Work required:
Through the line with "세부적인 실천활동은 종이영수증" and starting from the first line, return the records below word for word, with pictures left out.

___ Data supplied ___

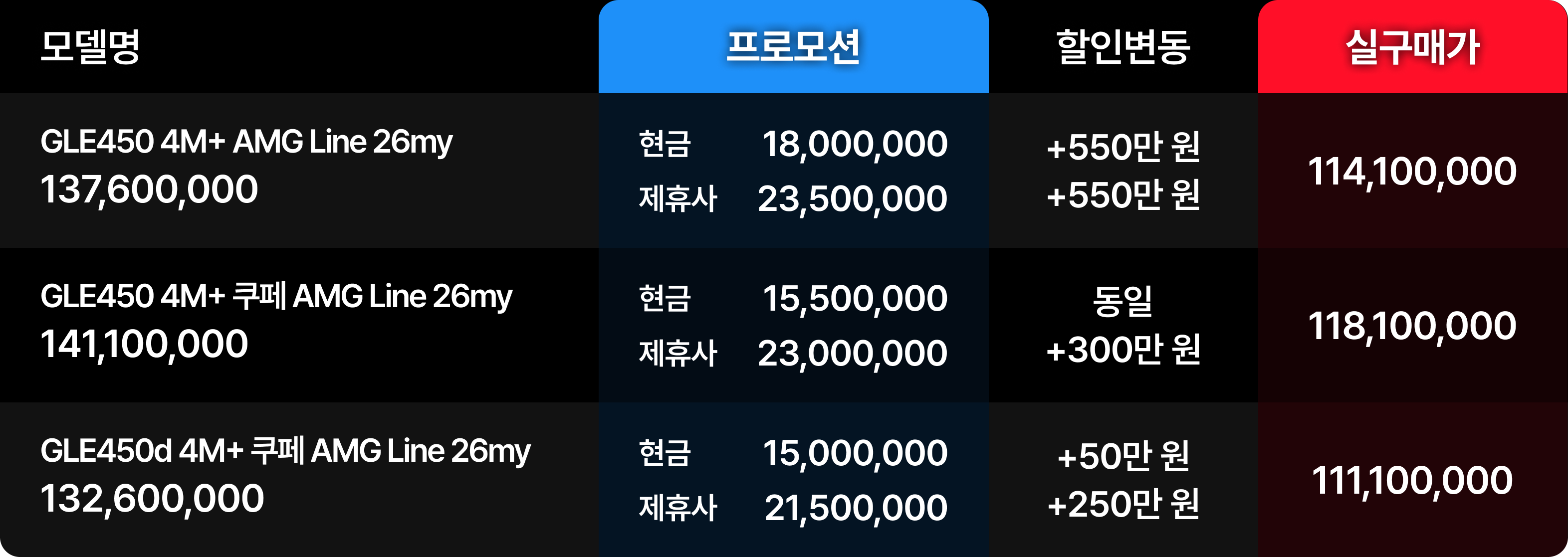 특히 GLE450 AMG Line 모델은 전월 대비 550만 원의 추가 할인을 기록하며 2,350만 원이라는 기록적인 수치를 달성했습니다.
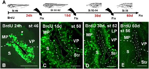 Thuret, Analysis of neural progenitors from embryogenesis to juvenile adult in Xenopus laevis reveals biphasic neurogenesis and continuous lengthening of the cell cycle. 2015, Pubmed , Xenbase
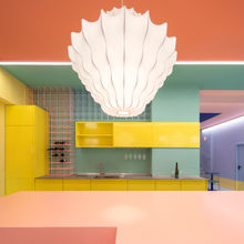 Anton Schmaus hat ein Faible für deutschen Wein und will diesen seinen Gästen auf spezielle Weise nahebringen: Sie sollen sich im ‚Tipsy‘ fühlen wie bei Freunden in der Küche. Deshalb bekam die Küchenzeile im neuen Store den Paradeplatz: Der schwefelgelbe Solitär wird von bunt lackierten Weinregalen aus Baustahlgittern umrahmt. Davor thront in Lachsrosa ein überdimensionaler und multifunktionaler Tresen. Zwei Kronleuchter hauchen ihr wattewolkiges Licht auf die Szenerie. Zart und frech stemmen sie sich gegen die ambitionierten monochromen Farbflächen: die Fenstersitzbank in Ultramarinblau, die Nischenecke in Koralle, die Wandsitzbank in Türkis und Gelb. Decken- und Wandflächen sind entsprechend vielfältig koloriert.
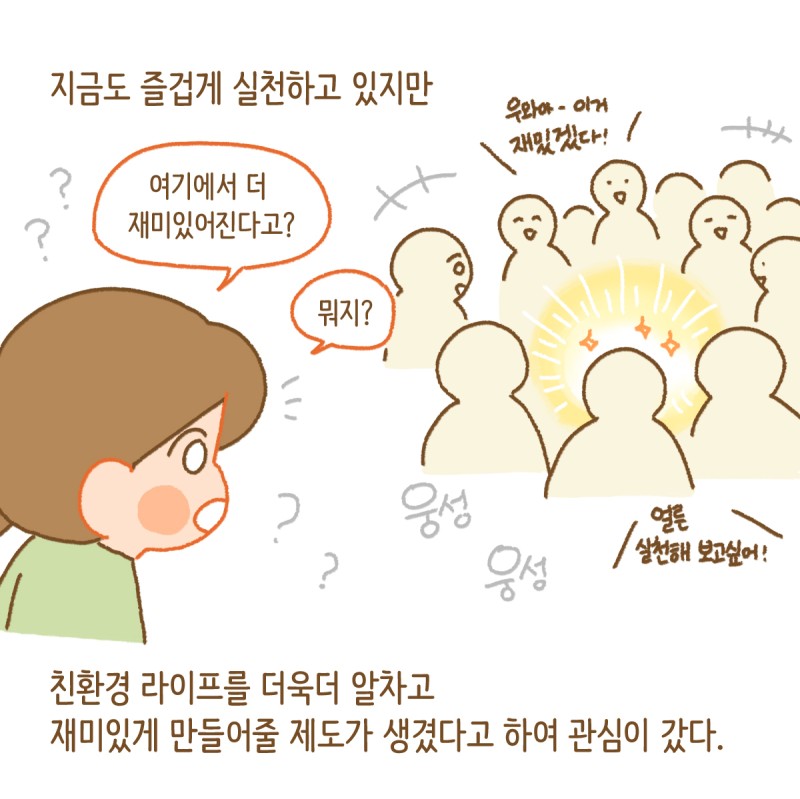 세부적인 실천활동은 종이영수증 대신 전자영수증 간편하게 발급받기, 리플스테이션에 방문해서 화장품/세제 리필받기, 다회용기를 사용해 배달받기, 무공해차 대여하기, 그린카드로 친환경제품 구매하기 등 6가지입니다. 이를 통해 탄소배출은 줄이고, 포인트는 늘리는 혜택을 제공해 기후변화에 대응하는 생활습관에 대한 국민참여를 지원하고자 합니다.
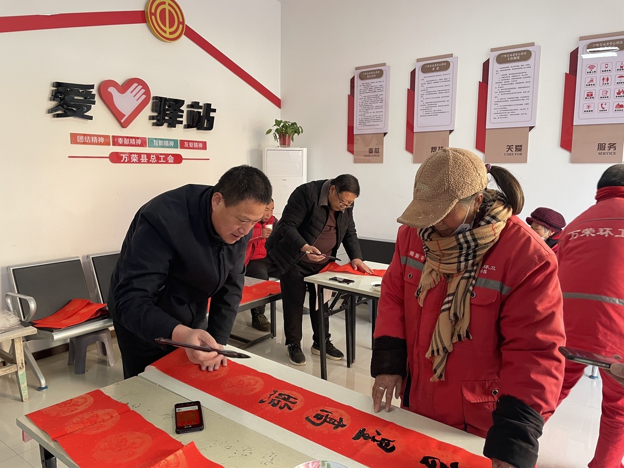 在“工會服務戶外勞動者日”到來之際,山西省各級工會干部深入工會驛站,持續延伸服務觸角,提升服務質量,優化服務方式,通過開展“送春聯、送暖茶、送體檢、送義剪”等活動,為廣大戶外勞動者送去冬日溫暖和關愛囑托。
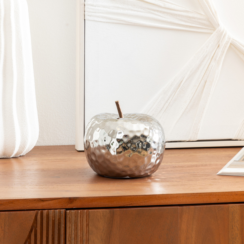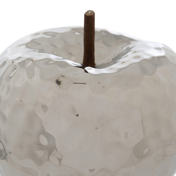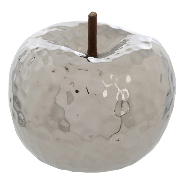 Επιτραπέζιο διακοσμητικό σε σχήμα μήλου, που θα χαρίσει μοναδικό ύφος στον χώρο σας. Είναι κατασκευασμένο από κεραμικό υλικό σε ασημί χρώμα. Ιδανικό για να τοποθετηθεί στο τραπεζάκι του σαλονιού, τον μπουφέ, το γραφείο και όπου αλλού ταιριάζει. Συνδυάστε το με τα υπόλοιπα προϊόντα της ίδιας σειράς για ένα ολοκληρωμένο αποτέλεσμα στο χώρο σας.

___

Solved exercise:
 특히 GLE450 AMG Line 모델은 전월 대비 550만 원의 추가 할인을 기록하며 2,350만 원이라는 기록적인 수치를 달성했습니다.
 Thuret, Analysis of neural progenitors from embryogenesis to juvenile adult in Xenopus laevis reveals biphasic neurogenesis and continuous lengthening of the cell cycle. 2015, Pubmed , Xenbase
 Anton Schmaus hat ein Faible für deutschen Wein und will diesen seinen Gästen auf spezielle Weise nahebringen: Sie sollen sich im ‚Tipsy‘ fühlen wie bei Freunden in der Küche. Deshalb bekam die Küchenzeile im neuen Store den Paradeplatz: Der schwefelgelbe Solitär wird von bunt lackierten Weinregalen aus Baustahlgittern umrahmt. Davor thront in Lachsrosa ein überdimensionaler und multifunktionaler Tresen. Zwei Kronleuchter hauchen ihr wattewolkiges Licht auf die Szenerie. Zart und frech stemmen sie sich gegen die ambitionierten monochromen Farbflächen: die Fenstersitzbank in Ultramarinblau, die Nischenecke in Koralle, die Wandsitzbank in Türkis und Gelb. Decken- und Wandflächen sind entsprechend vielfältig koloriert.
 세부적인 실천활동은 종이영수증 대신 전자영수증 간편하게 발급받기, 리플스테이션에 방문해서 화장품/세제 리필받기, 다회용기를 사용해 배달받기, 무공해차 대여하기, 그린카드로 친환경제품 구매하기 등 6가지입니다. 이를 통해 탄소배출은 줄이고, 포인트는 늘리는 혜택을 제공해 기후변화에 대응하는 생활습관에 대한 국민참여를 지원하고자 합니다.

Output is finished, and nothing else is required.